Литмир - Электронная Библиотека
A
A

У городских стен Ханияр и Евгения торжественно проводили воинов, благословив их и совершив все положенные обряды. Хален наклонился к жене с прощальным поцелуем, ободряюще улыбнулся. Теперь, когда больше не нужно сомневаться и гадать о правильности выбранного пути, он тоже радовался будущим битвам. Душой он уже был в Матакрусе. Подняв руку в прощальном жесте, она смотрела, как стройные ряды всадников уходят по Ферутской дороге, и по щекам ее текли слезы. Прошли солдаты, проскрипели колеса фургонов, и в поднявшейся пыли долго еще бежали за войском городские мальчишки. Ханияр ополоснул руки в серебряном тазике, что поднес младший служка, чихнул — пыль добралась и до холма, на котором они стояли.

— С годами ты становишься все чувствительней, Эви, а ведь должно бы быть наоборот.

— Это естественная женская грусть. Нам не понять мужчин, что с радостью спешат навстречу смерти. Они все были такие веселые, Ханияр! Их сердца пели от счастья, будто каждому заранее пообещали победу в битве и высокую награду! Неужели только женщины видят, что многие из них не вернутся домой?

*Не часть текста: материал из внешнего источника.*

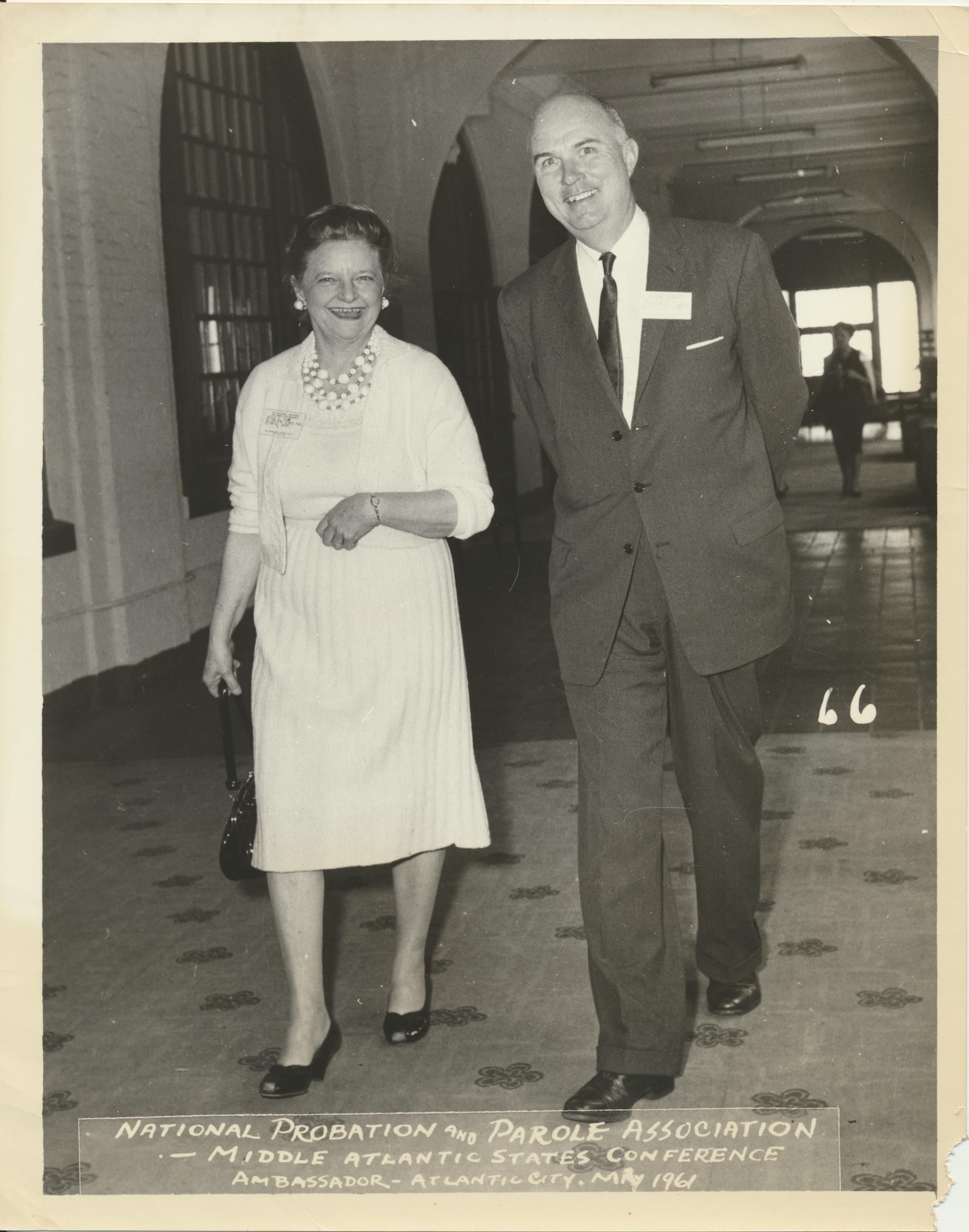 Print, photographic. 7 x 9 b&w . Image of Helen Shank and unidentified man at National Probation and Parole Association, Middle Atlantic States Conference, Ambassador, Atlantic City [NJ], May 1961.

— Пойдем в город. Здесь слишком жарко, а я уже не в том возрасте, чтобы часами стоять на солнцепеке, — он приобнял ее, жестом велел служке оставаться позади. — Мне понятна твоя печаль. Женщина стремится сохранить то, что имеет. Так уж она создана, — сохранять мир, и семью, и будущее, каким она его представляет. Но мужчине мало того что есть, его цель — всегда стремиться к новому. А новое неизменно несет разрушение прежнего уклада…

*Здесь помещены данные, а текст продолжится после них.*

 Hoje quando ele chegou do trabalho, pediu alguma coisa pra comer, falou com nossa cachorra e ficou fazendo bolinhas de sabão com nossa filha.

— Все это кажется таким понятным, когда просто думаешь об этом, — сказала она, глядя под ноги, на затоптанные подошвами множества сапог цветы. — Но когда будущее ломится в мою дверь и не спрашивает о том, чего я хочу, — все твои, Ханияр, рассуждения совсем иначе воспринимаются. Я бы предпочла ничего не менять, ни к чему не стремиться, лишь бы Халену ничто не угрожало.

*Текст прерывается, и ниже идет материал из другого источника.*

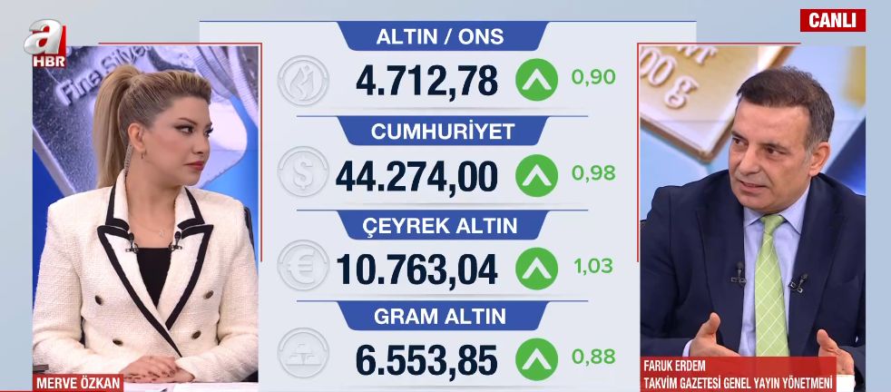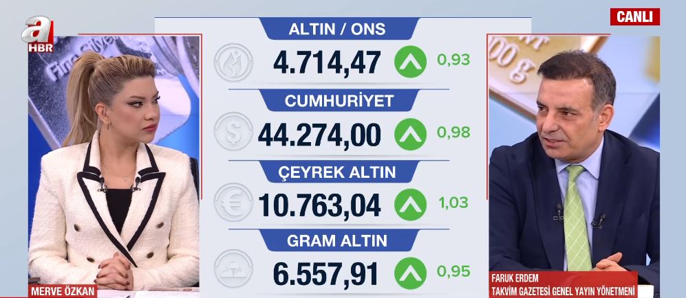 Haber moderatörü Merve Özkan'ın, "Kısa süre sonra 7 bini görecek gibiyiz" yorumu üzerine Faruk Erdem, "Öyle gözüküyor, ilk çeyrekte bu hızla giderse 7 bin lira bandını görebiliriz. Gümüşte de benzer bir tablo var, 130 lirayı geçmiş durumda ve 200 lirayı görebileceği konuşuluyor" dedi. Yatırımcıları kâr satışları konusunda da uyaran Erdem, "Alım satım arasında ciddi bir makas var, yatırımcının çok dikkatli olması lazım. Her alınan ürün kazandırabilir ama kısa vadeli hareketlerde dikkatli olunmalı" ifadelerini kullandı.

— Может быть, мы слишком расслабились, забыли о том, что жизнь это война. И этот вождь послан нам как предупреждение…

— Неправда! Жизнь есть стремление к миру. Разве последние годы не доказали это? Посмотри вокруг! — она обернулась, указывая на поля и сады. — Люди сыты, они уверены в завтрашнем дне. Твои храмы не дождутся в дни войны таких подношений, как сейчас. Когда-нибудь сегодняшнее время назовут золотым веком Ианты. А война — это постоянный страх, выгоду от которого получают единицы мерзавцев. И ты говоришь, что в этом — смысл жизни?

— Ты сказала: когда-нибудь наше время назовут золотым веком. Ты и сама знаешь, что ему не длиться долго. Для того, чтобы жизнь всегда оставалась такой, как сейчас, нужно сначала изменить суть человека. Возможно ли это? Сомневаюсь. Во всяком случае, я вряд ли доживу до того дня, когда мужчины начнут думать о войне так, как ты.

— Зачем ты это говоришь? — Евгения схватила Ханияра за руку, впилась глазами в глаза. — Ты что же, думаешь, что наше время прошло? Наши воины падут в битве с врагом, и на земли Ианты придут дикие орды? Ты это ждешь?

Они дошли до городской стены. Ханияр коснулся рукой надежного камня.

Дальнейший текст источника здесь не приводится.